Lydia Dyar, whose
flamboyantly patriotic gravestone in Billerica is the subject of the essay I am working on at the moment, was a small-scale merchant. Nearly every spring between 1760 and 1774, she advertised in the Boston newspapers, touting her new stock of imported garden seeds. At her shop in the North End of Boston, customers could find a variety of vegetable seeds — cabbage, spinach, carrot, turnip, lettuce, cucumber, squash, cauliflower, pea — along with beans, herbs, and flowers.

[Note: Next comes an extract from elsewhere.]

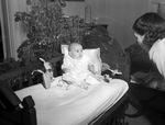 Kenneth Carnrike Kenyon, infant son of Mr. and Mrs. John H. Kenyon. Baby Kenneth is shown sitting in his crib with a pillow and a few of his toys around him. He appears to be looking at his mother, on the right, who is looking back at him. Behind the crib is a Christmas tree adorned in a large amount of shiny tinsel and a few other ornaments.

Even during the height of the nonimportation crisis, the Widow Dyar continued to buy seeds from London and Messrs.
Edes and
Gill of the
Gazette, strong Whigs both, continued to run her ads. Unlike the
unfortunate Cummings sisters, whose business activities attracted the ire of a tar-and-feather-wielding mob in October of 1769, Lydia Dyar and the other seed sellers of Boston went unmolested. The March 6, 1769 issue of the
Boston Gazette carried five seed sellers (Lydia Dyar, Abigail Davidson, Elizabeth Greenleaf, Bethiah Oliver, and Susanna Renken), all of whom advertised their wares as imports. A year later, when tempers were running high over the Boston Massacre, Dyar omitted the word "imported" from her ad, though two other sellers (Davidson and Renkin) still advertised their seeds as "Imported in the last ship from London" (
Boston Gazette, 9 April 1770).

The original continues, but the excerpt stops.